Task objective:
Every record below is to be restated word for word, and no picture is to be copied.

Records from a collection:
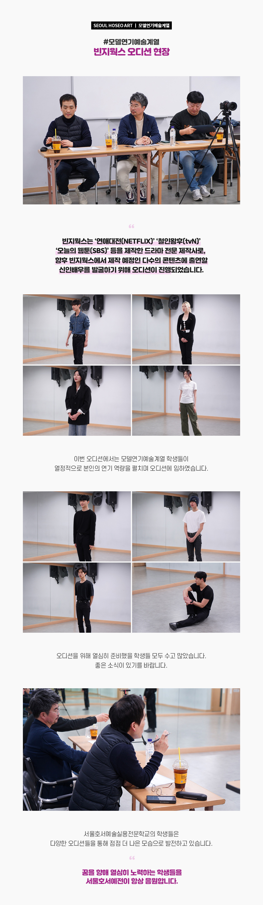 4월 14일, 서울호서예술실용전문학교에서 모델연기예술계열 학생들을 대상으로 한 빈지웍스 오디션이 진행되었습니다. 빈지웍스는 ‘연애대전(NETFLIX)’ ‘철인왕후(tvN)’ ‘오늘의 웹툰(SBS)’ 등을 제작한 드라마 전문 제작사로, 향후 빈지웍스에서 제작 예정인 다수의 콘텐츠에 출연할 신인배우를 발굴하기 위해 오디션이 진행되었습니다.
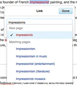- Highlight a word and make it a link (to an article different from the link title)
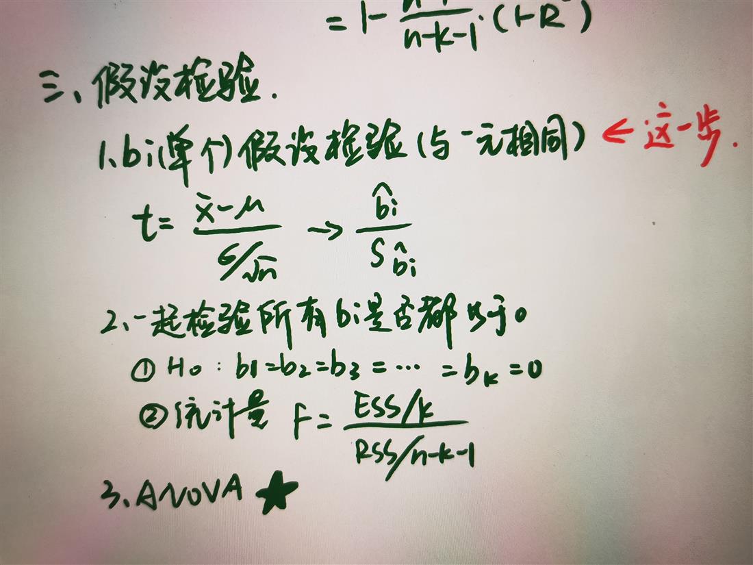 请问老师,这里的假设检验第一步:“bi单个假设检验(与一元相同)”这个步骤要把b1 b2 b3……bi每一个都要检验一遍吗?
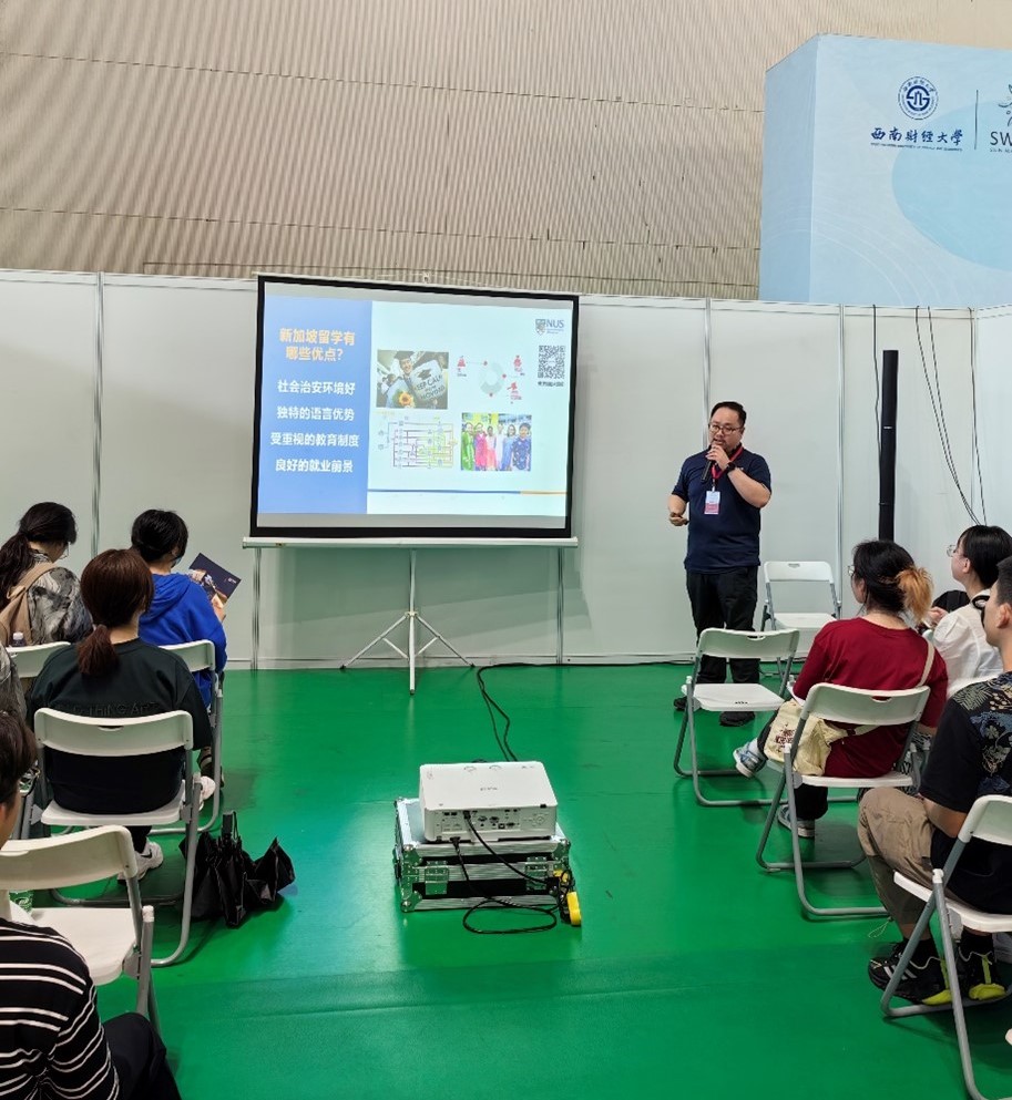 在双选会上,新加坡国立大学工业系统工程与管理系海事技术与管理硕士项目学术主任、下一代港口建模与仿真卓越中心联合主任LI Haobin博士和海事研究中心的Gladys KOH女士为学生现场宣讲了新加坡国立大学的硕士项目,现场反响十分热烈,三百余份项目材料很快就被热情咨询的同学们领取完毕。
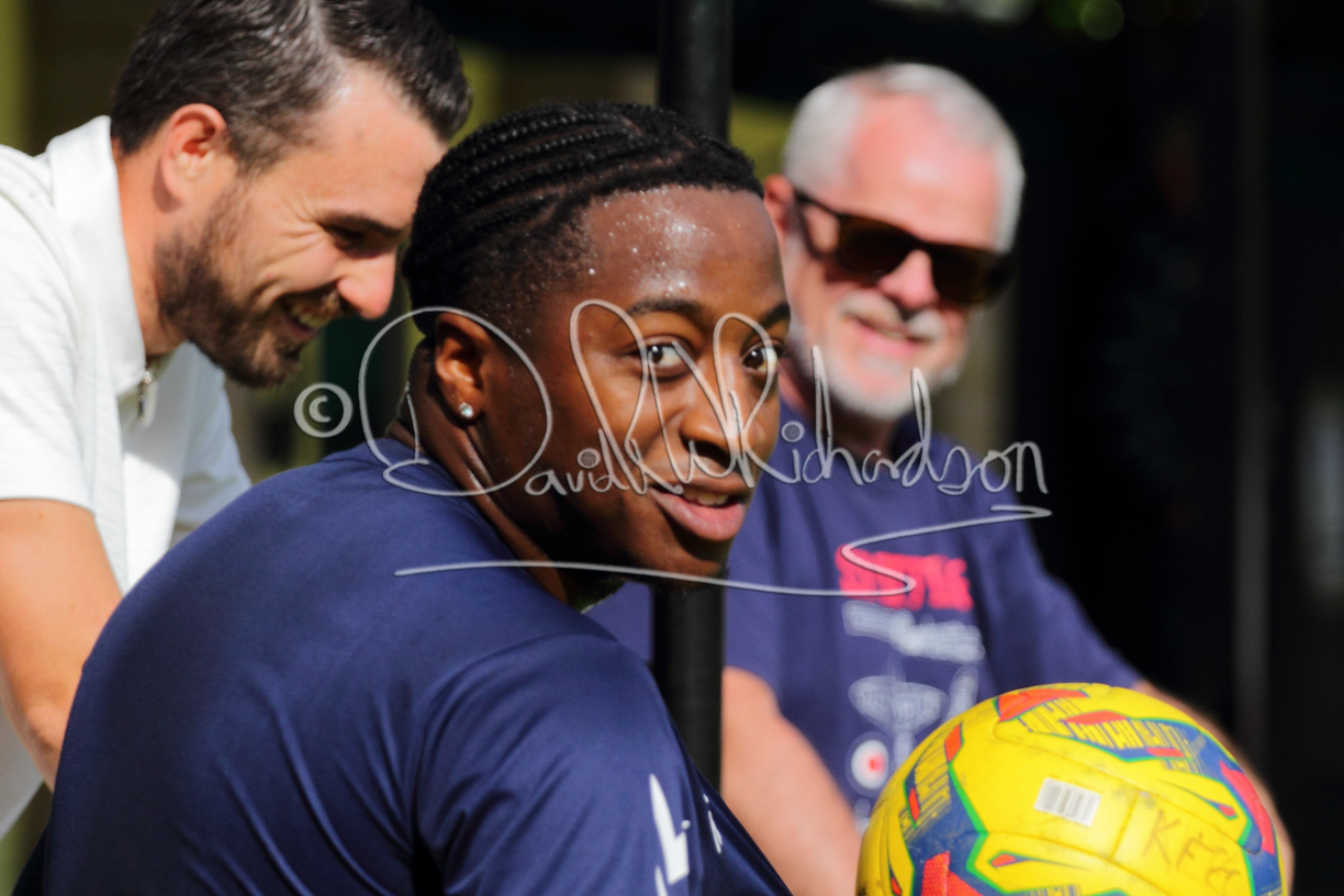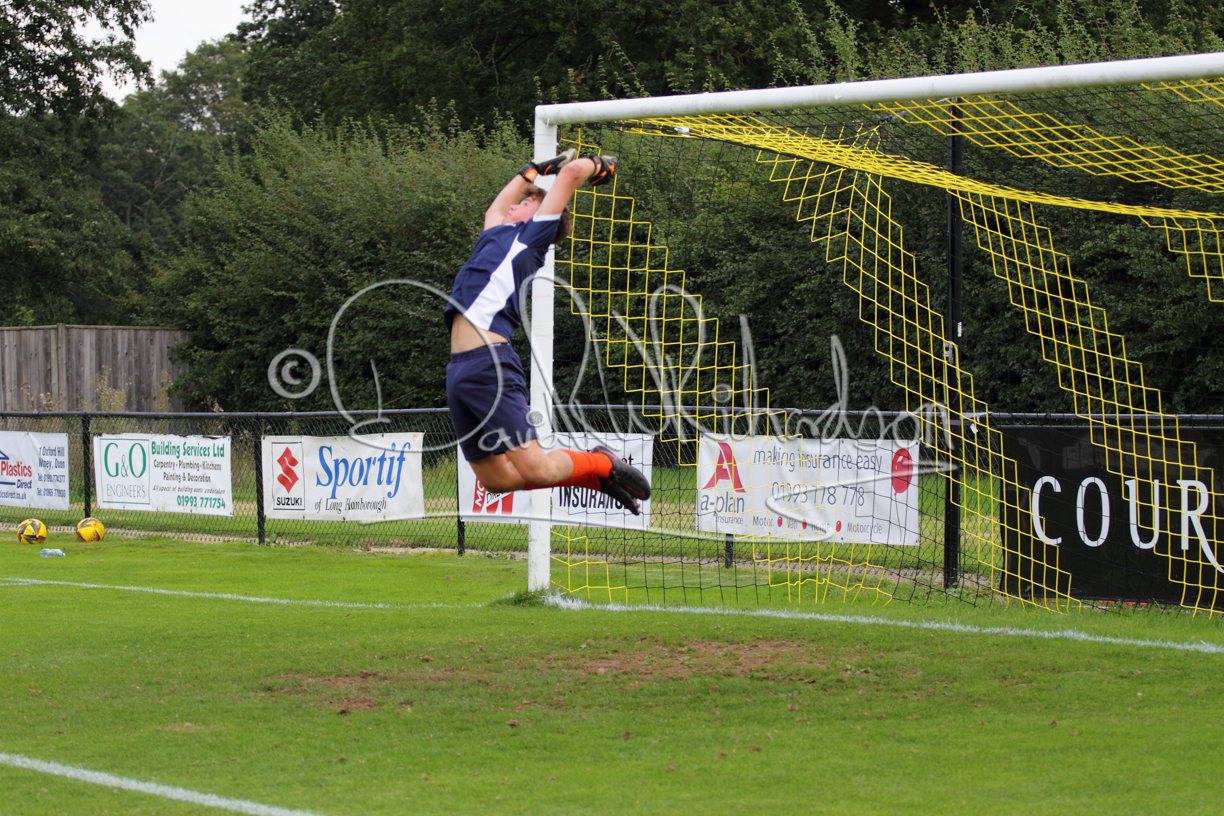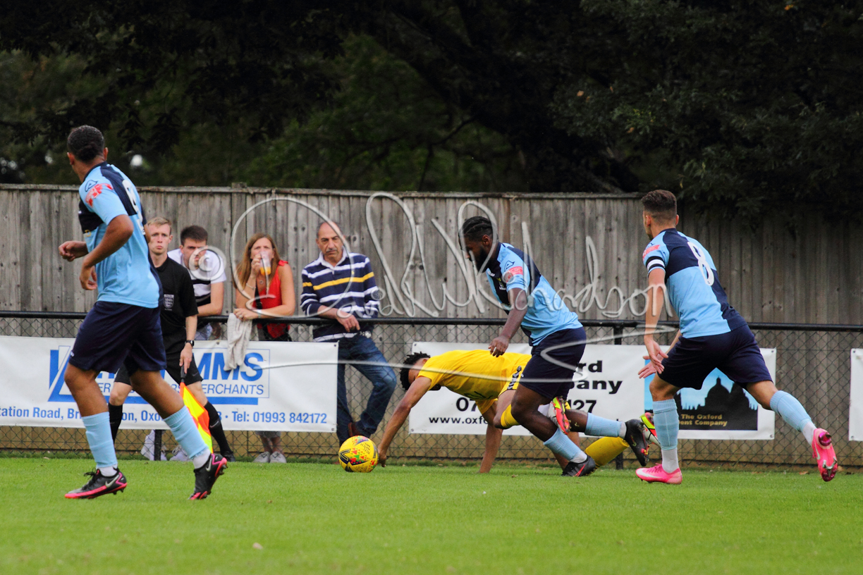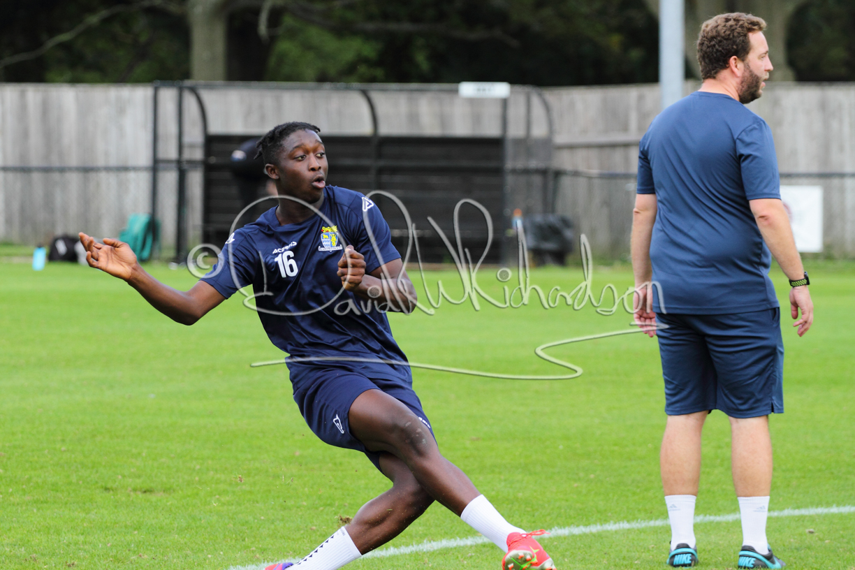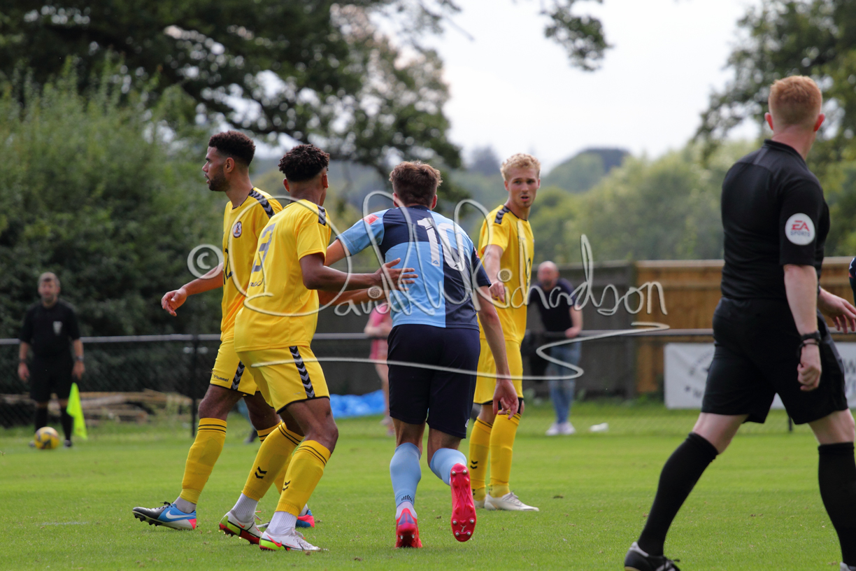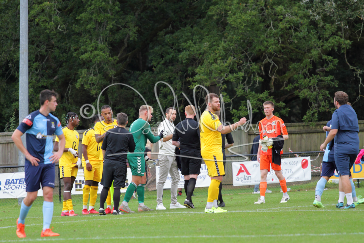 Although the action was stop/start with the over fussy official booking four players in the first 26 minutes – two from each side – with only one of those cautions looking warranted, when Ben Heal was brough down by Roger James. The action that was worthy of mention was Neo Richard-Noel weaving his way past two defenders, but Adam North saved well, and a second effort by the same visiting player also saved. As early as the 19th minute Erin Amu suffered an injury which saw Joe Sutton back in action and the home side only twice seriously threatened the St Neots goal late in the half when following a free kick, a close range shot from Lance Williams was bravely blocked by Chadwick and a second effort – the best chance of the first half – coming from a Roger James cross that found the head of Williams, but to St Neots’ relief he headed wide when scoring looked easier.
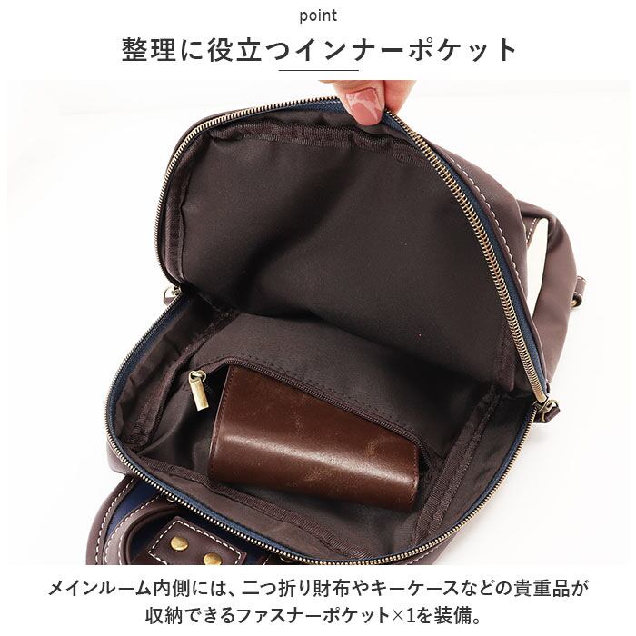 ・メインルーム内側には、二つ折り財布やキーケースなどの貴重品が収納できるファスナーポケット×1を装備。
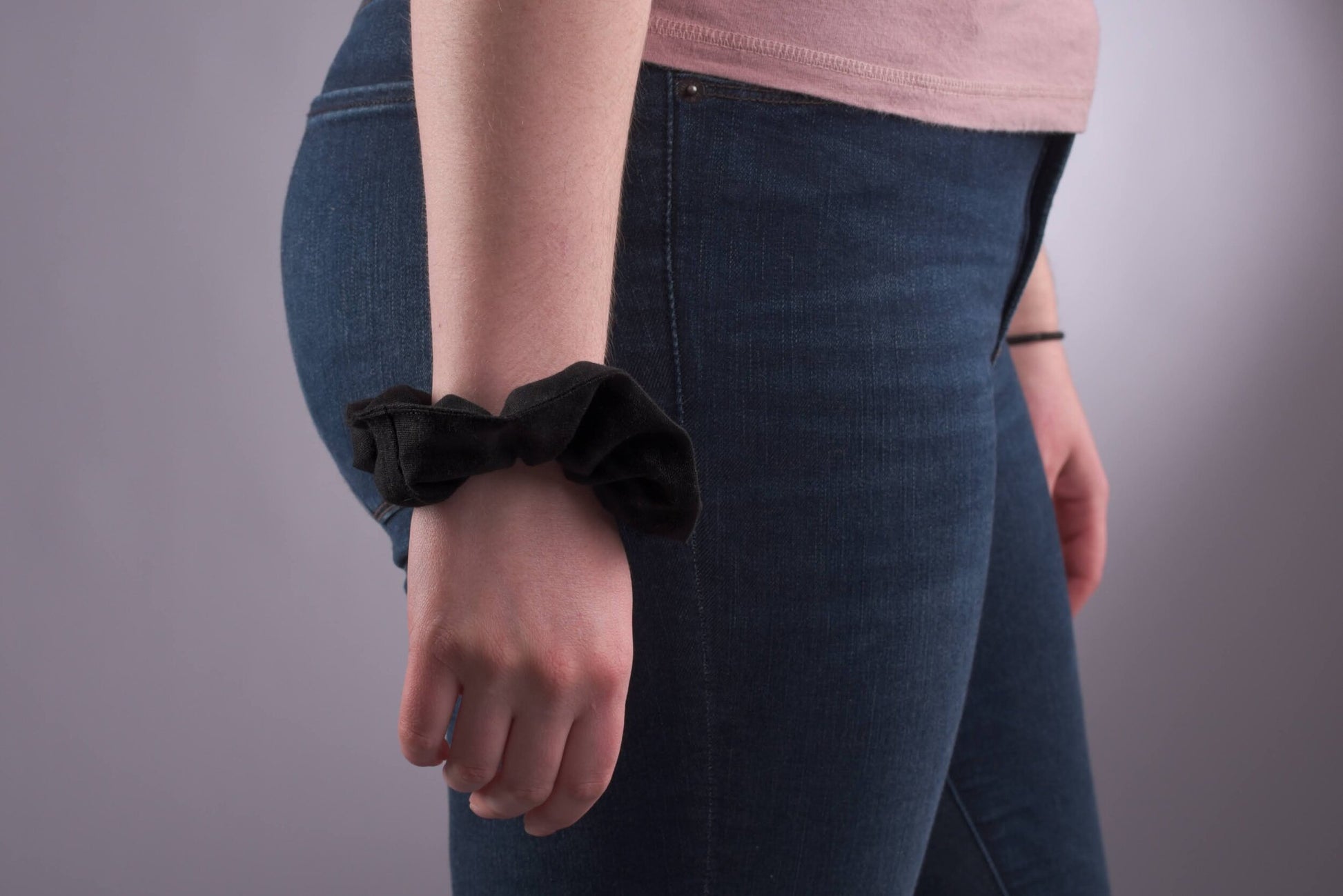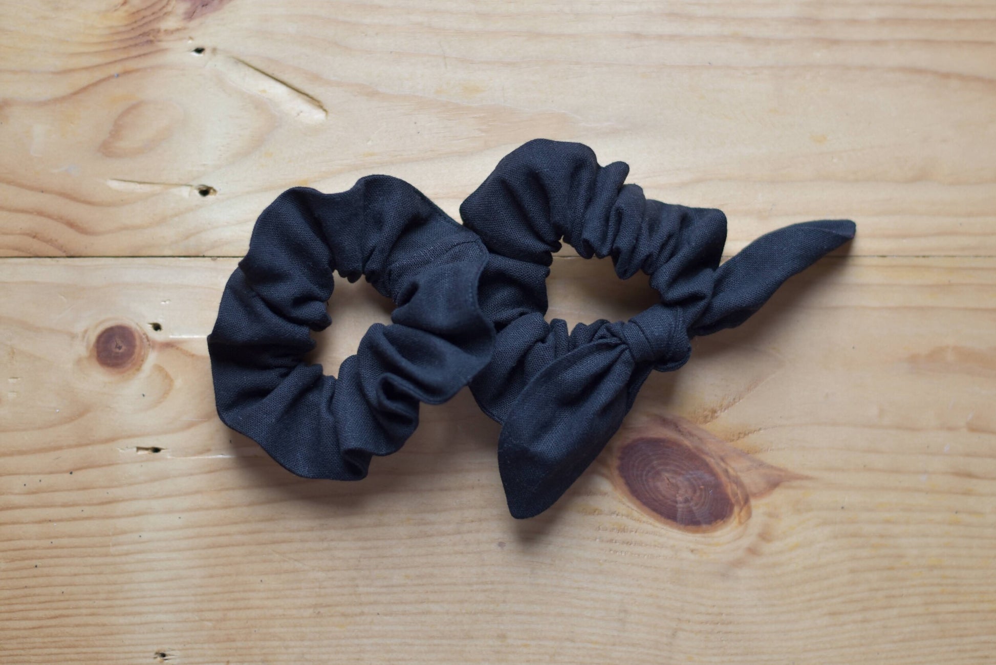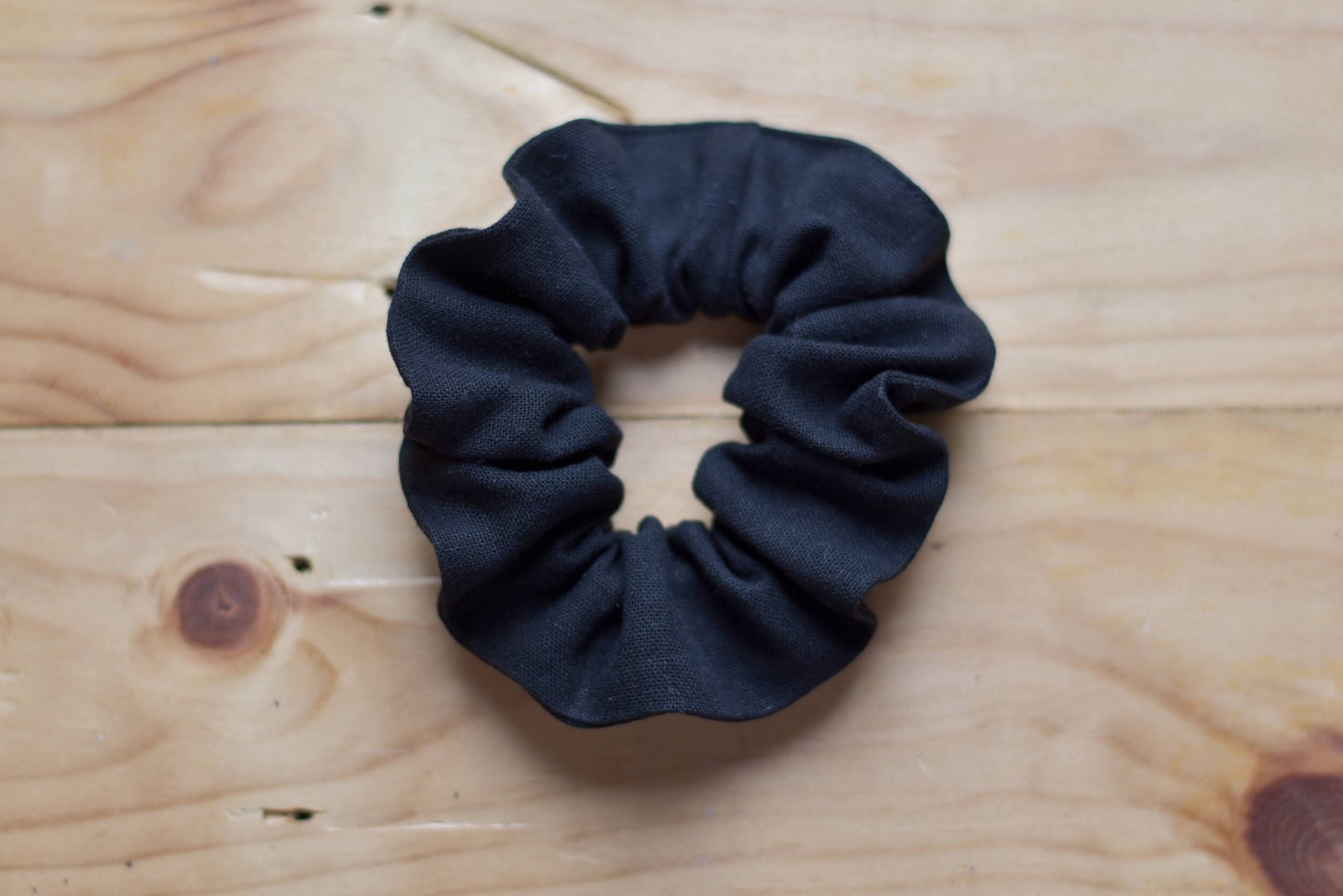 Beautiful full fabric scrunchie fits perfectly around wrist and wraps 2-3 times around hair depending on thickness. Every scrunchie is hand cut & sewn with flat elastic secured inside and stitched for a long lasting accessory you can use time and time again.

Answer space:
 4월 14일, 서울호서예술실용전문학교에서 모델연기예술계열 학생들을 대상으로 한 빈지웍스 오디션이 진행되었습니다. 빈지웍스는 ‘연애대전(NETFLIX)’ ‘철인왕후(tvN)’ ‘오늘의 웹툰(SBS)’ 등을 제작한 드라마 전문 제작사로, 향후 빈지웍스에서 제작 예정인 다수의 콘텐츠에 출연할 신인배우를 발굴하기 위해 오디션이 진행되었습니다.
- Highlight a word and make it a link (to an article different from the link title)
 请问老师,这里的假设检验第一步:“bi单个假设检验(与一元相同)”这个步骤要把b1 b2 b3……bi每一个都要检验一遍吗?
 在双选会上,新加坡国立大学工业系统工程与管理系海事技术与管理硕士项目学术主任、下一代港口建模与仿真卓越中心联合主任LI Haobin博士和海事研究中心的Gladys KOH女士为学生现场宣讲了新加坡国立大学的硕士项目,现场反响十分热烈,三百余份项目材料很快就被热情咨询的同学们领取完毕。
 Although the action was stop/start with the over fussy official booking four players in the first 26 minutes – two from each side – with only one of those cautions looking warranted, when Ben Heal was brough down by Roger James. The action that was worthy of mention was Neo Richard-Noel weaving his way past two defenders, but Adam North saved well, and a second effort by the same visiting player also saved. As early as the 19th minute Erin Amu suffered an injury which saw Joe Sutton back in action and the home side only twice seriously threatened the St Neots goal late in the half when following a free kick, a close range shot from Lance Williams was bravely blocked by Chadwick and a second effort – the best chance of the first half – coming from a Roger James cross that found the head of Williams, but to St Neots’ relief he headed wide when scoring looked easier.
 ・メインルーム内側には、二つ折り財布やキーケースなどの貴重品が収納できるファスナーポケット×1を装備。
 Beautiful full fabric scrunchie fits perfectly around wrist and wraps 2-3 times around hair depending on thickness. Every scrunchie is hand cut & sewn with flat elastic secured inside and stitched for a long lasting accessory you can use time and time again.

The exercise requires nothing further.